Taking the family camping the week after the 4th. Small kids who love catching fish, where should I try and what should I try, and what would I be trying for. Thanks for any and all help.


----------



## shametamer (Jul 22, 2001)

where ya from? how far u want to go? fishin from shore? boat? what kind of amenities do you need in a campground?


----------



## Sixshooter (Mar 16, 2003)

If you have a boat and are fishing Stoney Lake you can catch perch, bluegills, rockbass pretty much along any of hte shore lines of the lake. 

You can also probably catch a few bass all over the place. The east end of the lake is pretty weedy with access to some deeper water where some nice pike like to hang out.

Wax Worms under a bobber should do the trick. 

Stoney is also a VERY good Crappie Lake. Get some pinky jigs or some Small Shiner minnows fished under a float and take some crappies off of underwater points.

It has been a while since I have fished stoney probably two years. But last time there was a underwater point near the middle of the lake that we took a lot of specs off of...And also the Gar Pike were eating our shiner minnows...

Trolling pinky jigs very slow works as well does casting them with a steady slow retrieve.

Good Luck.


----------



## rickyj (Jun 25, 2004)

I have a boat and thanks for the advice.

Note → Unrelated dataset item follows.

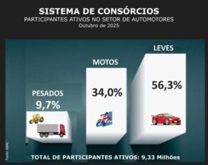 O consórcio de veículos seguiu em alta em outubro e superou 3 milhões de cotas comercializadas no ano, com 8,3% de avanço sobre o mesmo período de 2024. Foram R$ 181,7 bilhões em créditos comercializados, alta de 17% sobre o total de R$ 155,3 bilhões do ano anterior.

With the kids anything associated with a bobber is great. Souds like the two older ones will be able to do a little casting once they get bored with a bobber.thx!


----------



## redwingsdude (Jan 6, 2002)

I pretty much grew up fishing Stoney Lake every summer by my Grandpa's cottage. We used to catch bluegills close to shore, just like Sixshooter mentioned. There is also a swimming section of the lake with a square dock close to the creek. You can fish right there, and go fishing afterwards if they get bored.

Its a great place to go in summer.

Good Luck.


----------